Regarding protocol using UTF-8 & UTF-16

The only part that is UTF-8 specific in the protocol is how the JSON structure should be be encoded to bytes when sent over the wire. This encoding is customizable in principle (see Content-Type in the header). Adding another one would be trivial since it is comparable to converting files from disks into strings using an encoding. Almost all programming languages I know of have support for various encodings. The reason why we choose utf-8 is simply transfer size. It has IMO no extra cost neither on the client nor on the server.

Things are complete different with positions, since they denote a character in a string. The reason why we choose utf-16 when starting with LSP was that the programming languages and editors we looked at and used were using utf-16 to represent strings internally. Things have changed since then and all new programming language usually represent strings internally using utf-8.
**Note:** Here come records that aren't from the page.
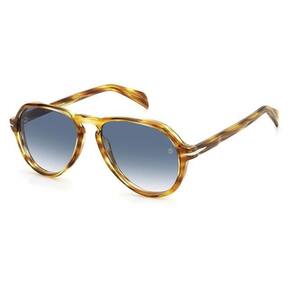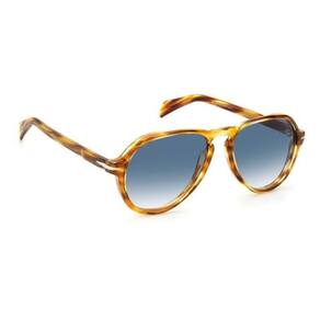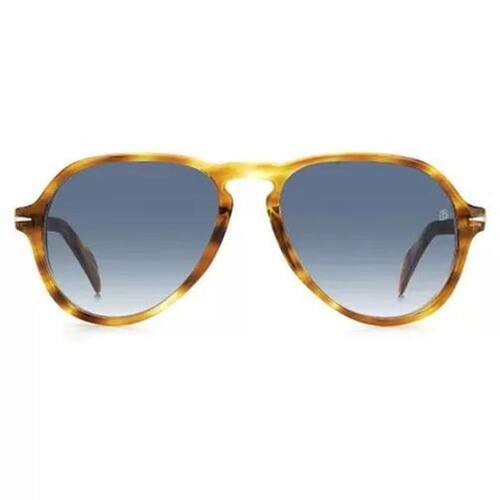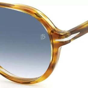 David Beckham modelo DB7079 KVI estilo aviador na cor marrom com lente na cor azul, reflete todo o estilo de David Beckham. O monograma da marca está gravado na lente esquerda dos óculos de sol. Cada detalhe destaca a essência da elegância e sofisticação de David Beckham.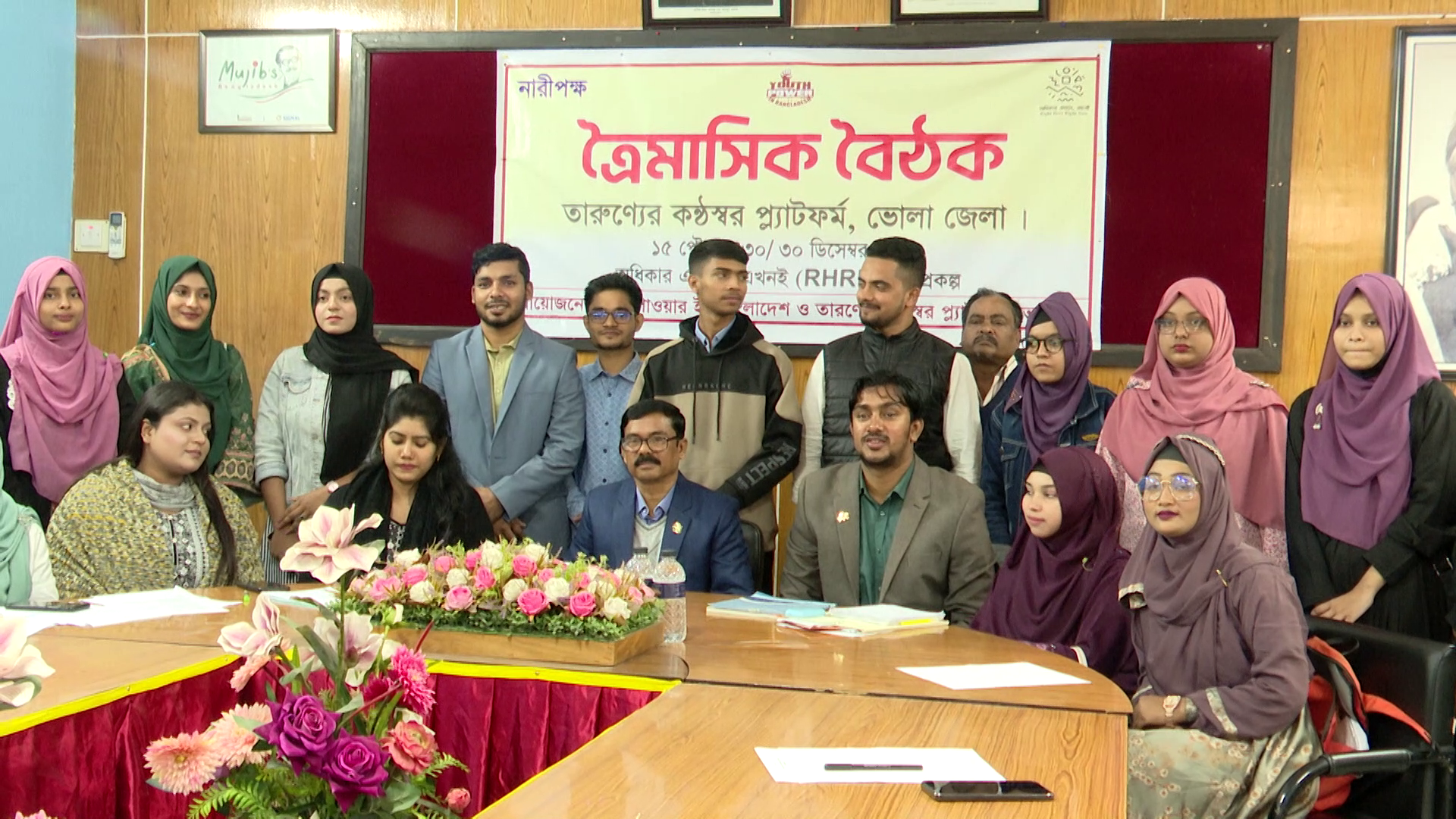 বাংলার কণ্ঠ প্রতিবেদক : ভোলায় কিশোর-কিশোরী,তরুন ও যুবদের ক্ষমতায়নের মাধ্যমে যৌন ও প্রজনন স্বাস্থ্য এবং অধিকার সচেতনতায় দক্ষতবৃদ্ধিতে তারুণ্যের কণ্ঠস্বর প্ল্যাটফর্মের এর ত্রৈ-মাসিক সভা অনুষ্ঠিত হয়েছে।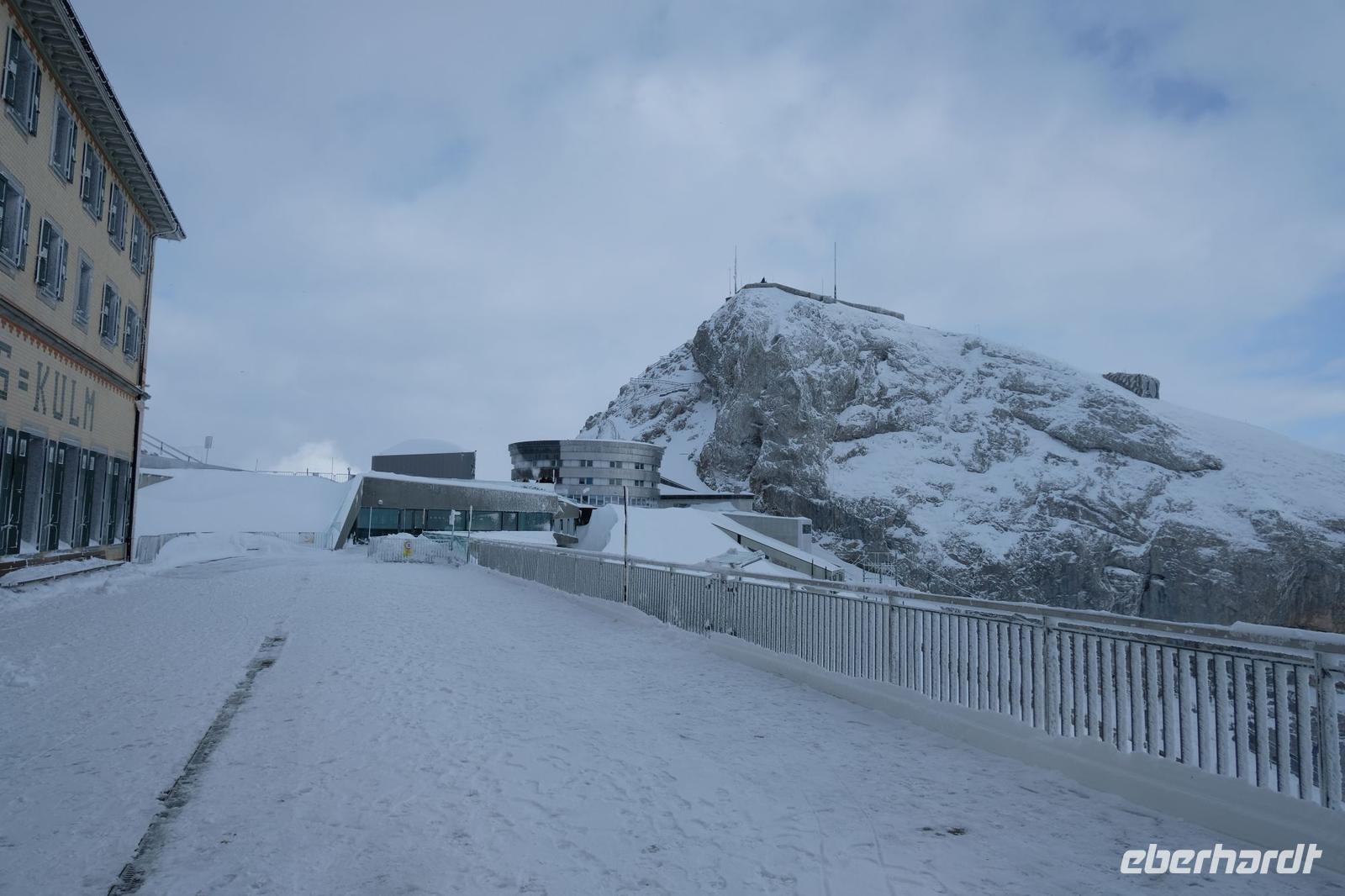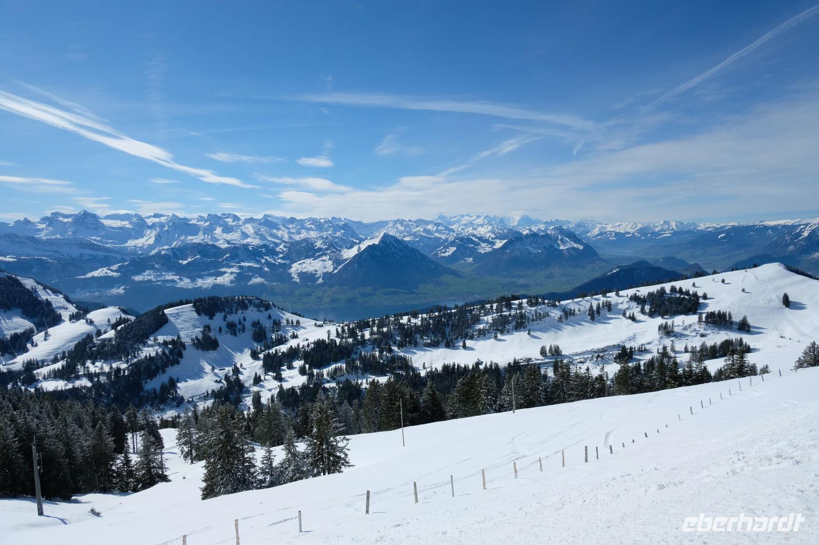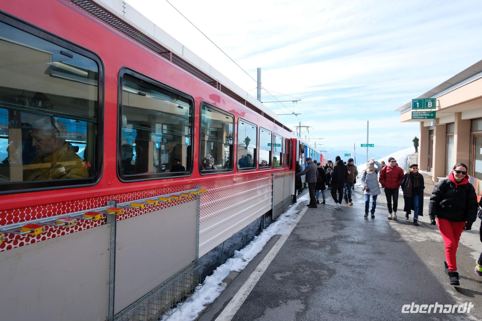 Auf dem Berg angekommen, erwartete uns eine traumhafte Sicht. Einige machten ausgiebige Schneewanderungen, andere zog es sofort in das Restaurant. Die Aepli-Makronen wurden von einigen begeistert verzehrt. Die schneebedeckten Berge von Titlis und Pilatus bis zu den Giganten des Berner Oberlandes mit Eiger, Mönch, und Jungfrau, und den anderen Drei- und Viertausendern zeigen sich uns in ihrer ganzen Pracht. Wir waren begeistert!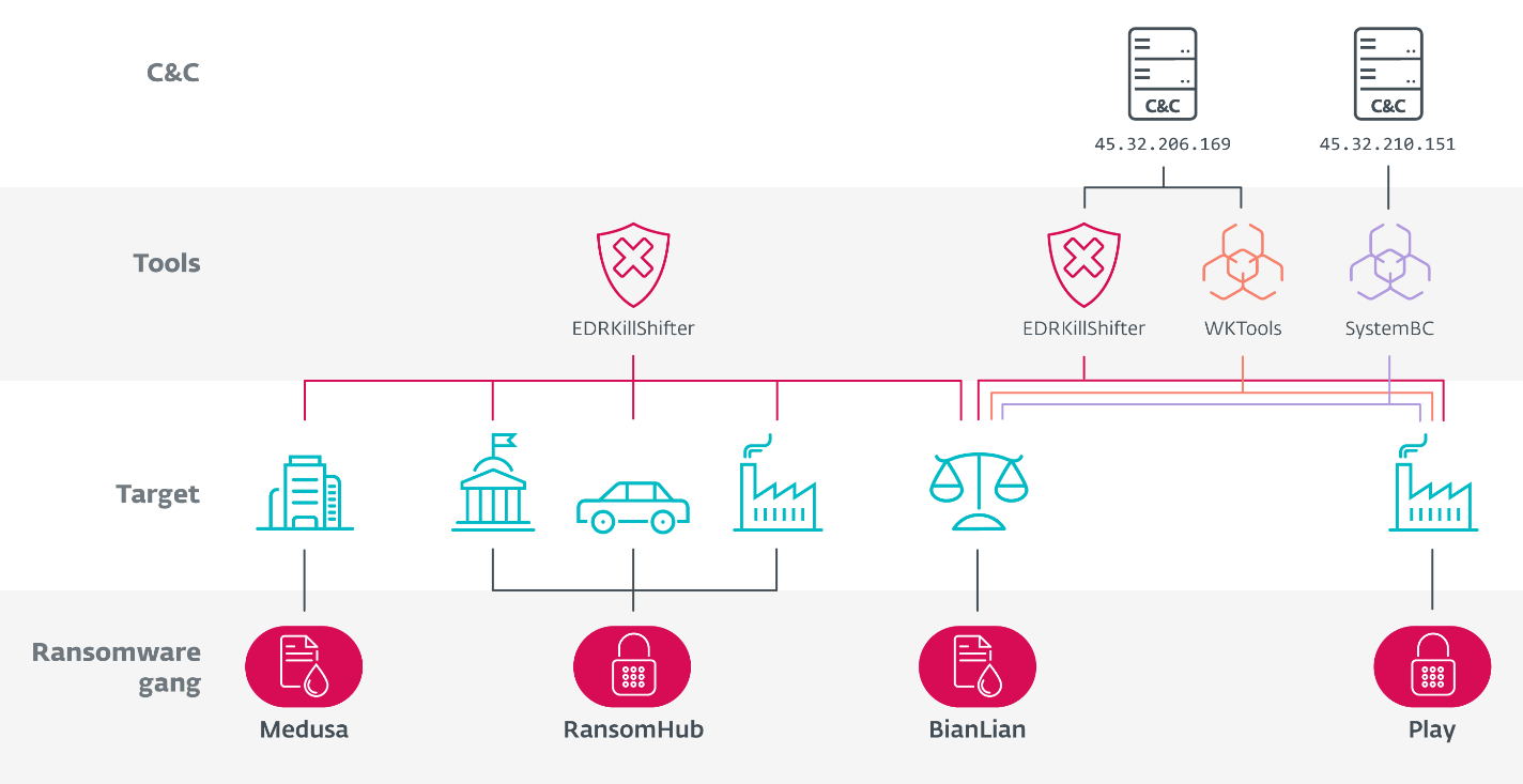 ESET zistil, že partneri RansomHubu pracujú pre tri konkurenčné gangy - Play, Medusa a BianLian. Odhalenie prepojenia medzi RansomHubom a Medusou nie je až také prekvapujúce, keďže je všeobecne známe, že ransomvéroví partneri často pracujú pre viacerých operátorov súčasne. Na druhej strane, jedno z možných vysvetlení toho, prečo majú skupiny Play a BianLian prístup k nástroju EDRKillShifter, je, že si najali rovnakého partnera RansomHubu – to je však vzhľadom na uzavretú povahu oboch gangov nepravdepodobné. Pravdepodobnejším vysvetlením je, že dôveryhodní členovia skupín Play a BianLian spolupracujú s konkurenčnými skupinami, vrátane nových aktérov ako je RansomHub, a následne preberajú a upravujú nástroje získané od týchto rivalov na vlastné útoky. Play bola spojená so skupinou Andariel, ktorá je napojená na Severnú Kóreu.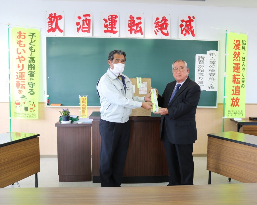 JA尾鈴は10月28日、地域の交通安全啓発に役立ててもらおうと、高鍋町の(一財)宮崎県交通安全協会高鍋地区交通安全協会へ、蛍光反射タスキ500本を贈呈しました。交通安全グッズの贈呈はJA共済の地域貢献活動の一環として定期的に行っています。 贈呈式では、JA尾鈴金融共済部・滝本修部長が、同協会・小澤浩一会長に手渡しました。 小澤会長は「反射タスキは夜間の危険防止に大変効果があるので、ありがたい。高齢者や運転免許更新者へ配布するなどして活用します」と謝辞を述べました。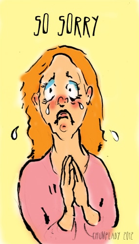 –So sorry for all of the things ever. Now, please recite your flaws and explain, at length, your contributions to the demise of our marriage.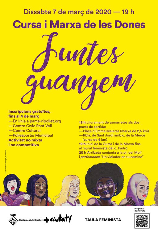 La gran novetat d'aquest programa és la Cursa Marxa de les Dones 'Juntes guanyem', que tindrà lloc el dissabte, 7 de març, a les 19 h. "El món de l'esport és on veuen més acusades les desigualtats que es pateixen entre homes i dones", va assegurar la regidora d'Esports, Andrea Guijarro, que va explicar que es tracta d'una activitat gratuïta, no mixta i no competitiva, on es vol aconseguir la màxima participació possible. A partir de les 18 h es lliurarà a les participants la seva samarreta amb el dorsal 803. Hi haurà dos recorreguts, de 2,5 i 4 km, un per a la marxa i un per a la cursa, que tindran una durada aproximada de 30 minuts i que confluiran davant del mural feminista del carrer de Padró, on es farà l'avituallament i es lliurarà un got amb el lema del 8M. Des d'allà, totes les participants arribaran plegades a la plaça del Molí, on es farà la performance "Un violador en tu camino". Per a participar cal inscripció prèvia, fins al 4 de març, en línia al següent enllaç i al web d'Esports i o presencialment, al Centre Cívic del Pont Vell, el Centre Cultural o el Poliesportiu Municipal.

@sam-mccall Thanks for this great encoding summary

I am also not sure anymore if it is a smart idea asking clients to support n encodings. The reason is that to actually convert positions from one encoding to another the content of that line must be available. That for example means for a find all reference result to open all files, read them into memory, do the position conversion and forget them again. This might have a bad performance impact especially when files come from remote.

I do agree with @sam-mccall now that doing the conversion on the server although there are more servers than clients is smarter for the following reasons:

  • as @sam-mccall mentioned they are also often written in fast (or fast-ish) languages.
  • server usually have the file content in question already in memory.

I also tried to look at this from a different angle. Instead of focusing on the clients and server it might be better to focus on the programming languages used to implement them. These usually determine how strings are encoded in memory and how they are indexed (if indexable at all). I came up with the following table so far:

Language Encoding
JavaScript UTF-16
TypeScript UTF-16
.Net (C#) UTF-16
Java UTF-16
C/C++ byte (UTF-8, UTF-16)
Go byte (UTF-8)
Python byte (own format)
Rust UTF-8 (no indexing)
Ruby UTF-8 & UTF-16
Lisp unknown
Haxe platform
vimscript UTF-8

So may be an approach would be the following: instead of helping clients to support an additional encoding besides utf-16 the LSP community invests into libraries for the common programming language to do the position conversion into another encoding. Then many servers (or even clients) could simply reuse these libraries.

commented

@dbaeumer I'm not sure I understand the exact intention of the approach:

do the position conversion into another encoding

Could you clarify what conversions you have in mind here?

LSP community invests into libraries [...] Then many servers (or even clients) could simply reuse these libraries.

Isn't such functionality (at least if I understood you correctly) something that can usually be accomplished by single method call to a method that most likely already lives in most standard libraries?

Weeks is not a realistic estimate even if all fixes landed today. For our server, the next release is in 6 months and I wouldn't expect ~all users to be on it for 2 years.

@dbaeumer The protocol you suggest looks OK to me, if we are assuming clients will advertise support for only a single encoding, and therefore ~all servers should implement multi-encoding support. In this case I think servers should be strongly encouraged to support UTF-32 as well as 16 and 8, as some clients will need this. Happy to write a patch to update clangd's negotiation once there's a PR for spec text.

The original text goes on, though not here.